• _Assignment_
Pictures must not appear in the copy. Restate exactly the lines below from the one with "純電動車目前主力電池能量密度" through the one with "会上,武术宣读了《中共乐山职", inclusive.

• _Exercise data_
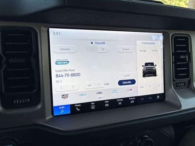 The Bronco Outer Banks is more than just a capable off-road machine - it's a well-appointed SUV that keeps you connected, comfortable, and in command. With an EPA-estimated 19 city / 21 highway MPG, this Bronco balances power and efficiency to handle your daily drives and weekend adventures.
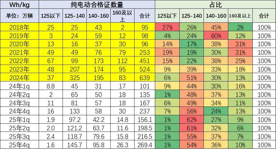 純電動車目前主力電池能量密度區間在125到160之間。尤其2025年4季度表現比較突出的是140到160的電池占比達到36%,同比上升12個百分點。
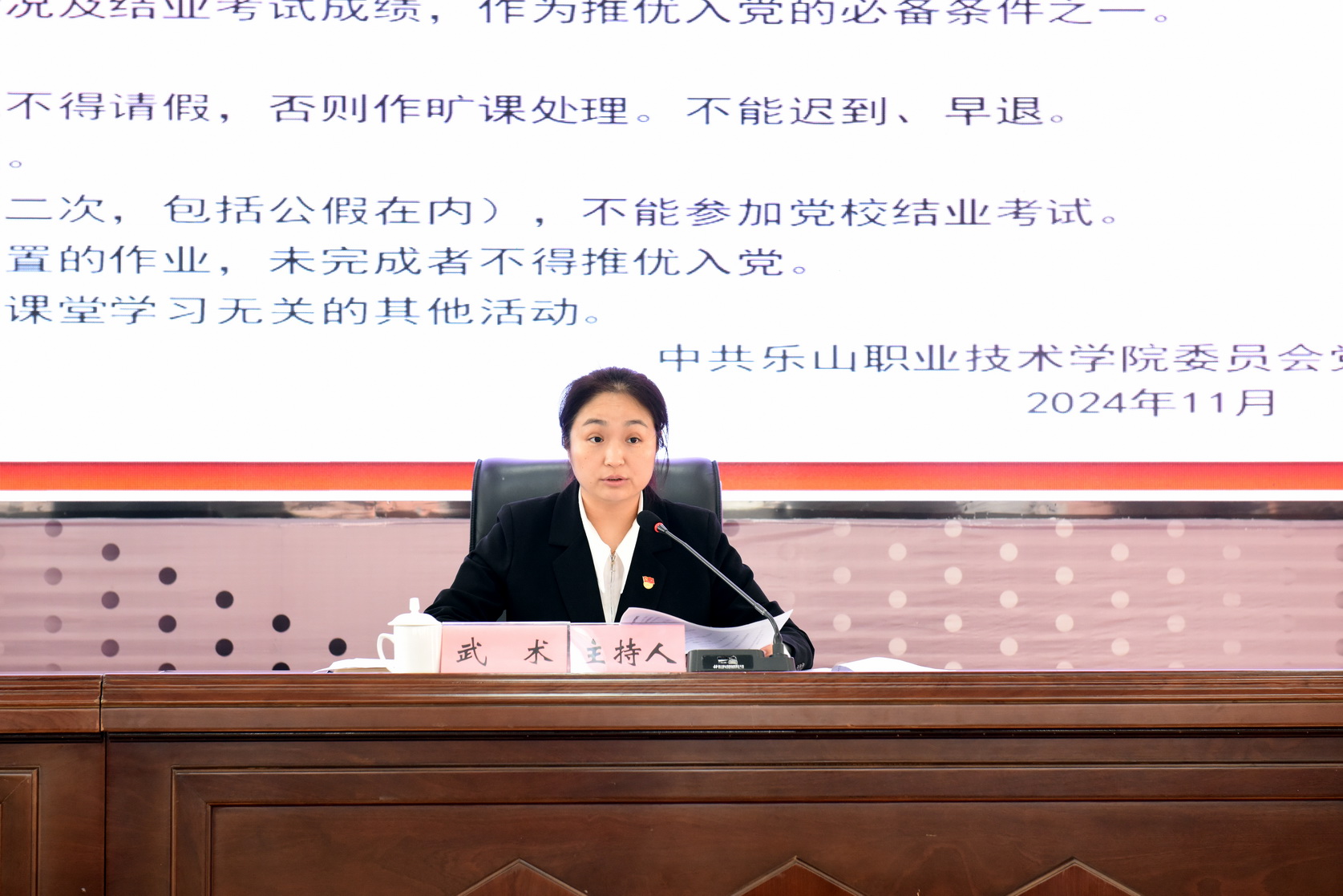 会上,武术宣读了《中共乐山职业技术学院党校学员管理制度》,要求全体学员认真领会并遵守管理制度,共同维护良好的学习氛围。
---
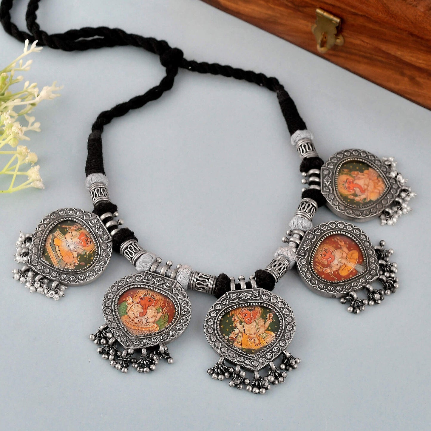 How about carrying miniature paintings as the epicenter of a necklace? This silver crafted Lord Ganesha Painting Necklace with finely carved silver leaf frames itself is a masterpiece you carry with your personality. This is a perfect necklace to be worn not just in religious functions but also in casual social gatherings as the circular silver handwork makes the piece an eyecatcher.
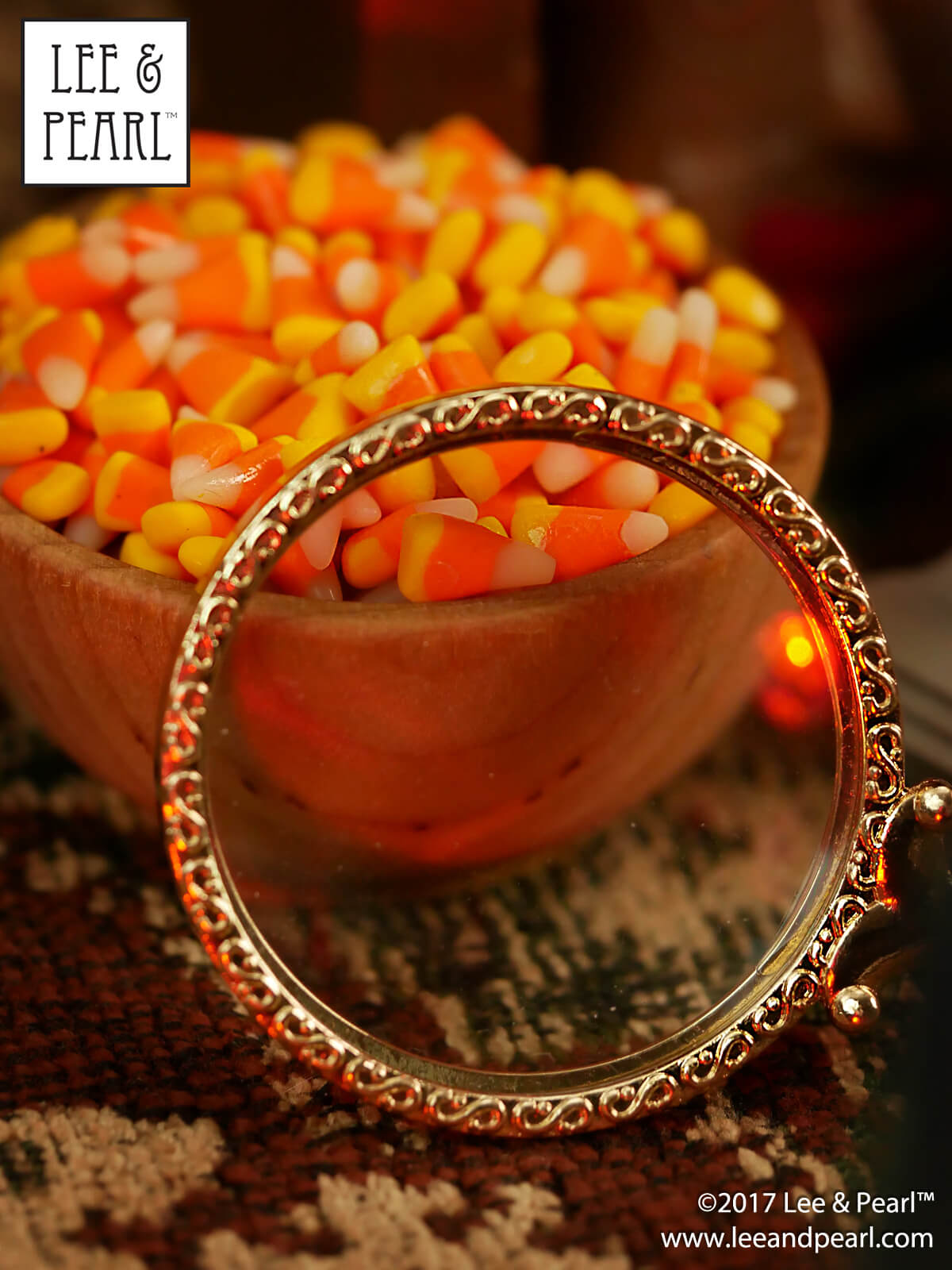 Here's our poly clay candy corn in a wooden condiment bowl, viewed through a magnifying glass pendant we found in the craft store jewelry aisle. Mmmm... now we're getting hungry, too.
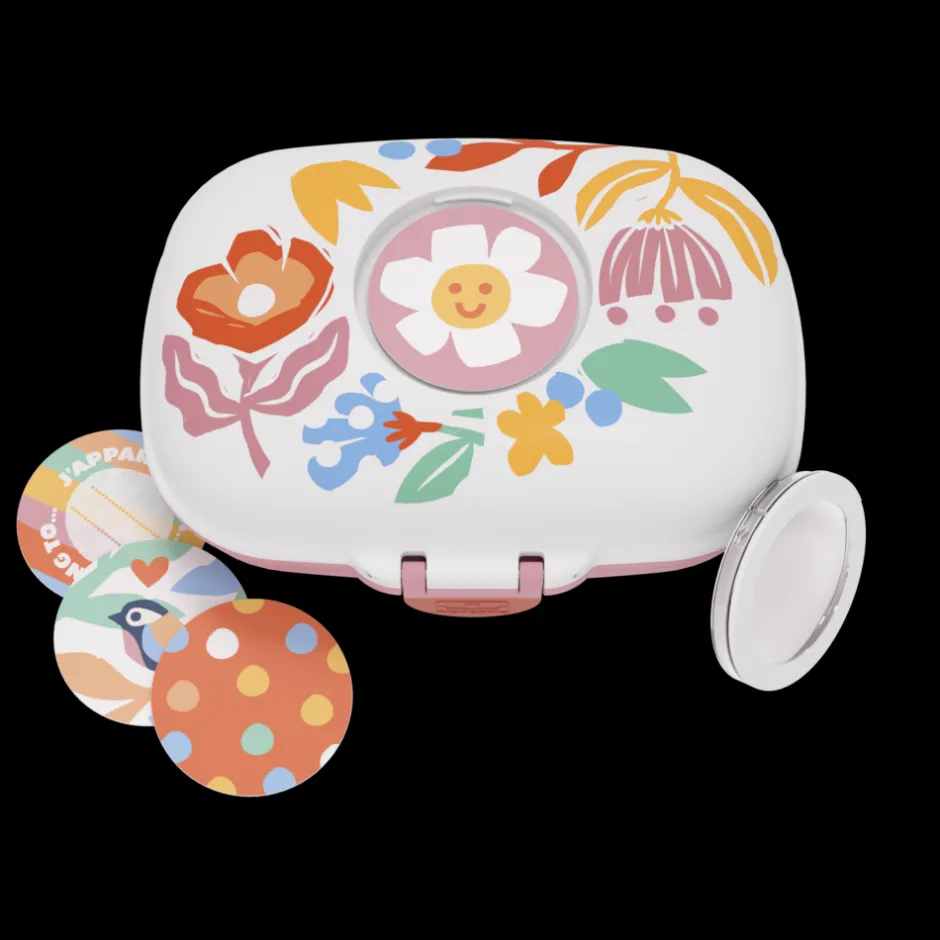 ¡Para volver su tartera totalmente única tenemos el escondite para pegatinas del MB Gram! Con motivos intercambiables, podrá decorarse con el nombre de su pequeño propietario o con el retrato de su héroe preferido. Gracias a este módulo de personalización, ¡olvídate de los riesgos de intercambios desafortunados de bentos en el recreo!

• _Solution for this task_
 純電動車目前主力電池能量密度區間在125到160之間。尤其2025年4季度表現比較突出的是140到160的電池占比達到36%,同比上升12個百分點。
 会上,武术宣读了《中共乐山职业技术学院党校学员管理制度》,要求全体学员认真领会并遵守管理制度,共同维护良好的学习氛围。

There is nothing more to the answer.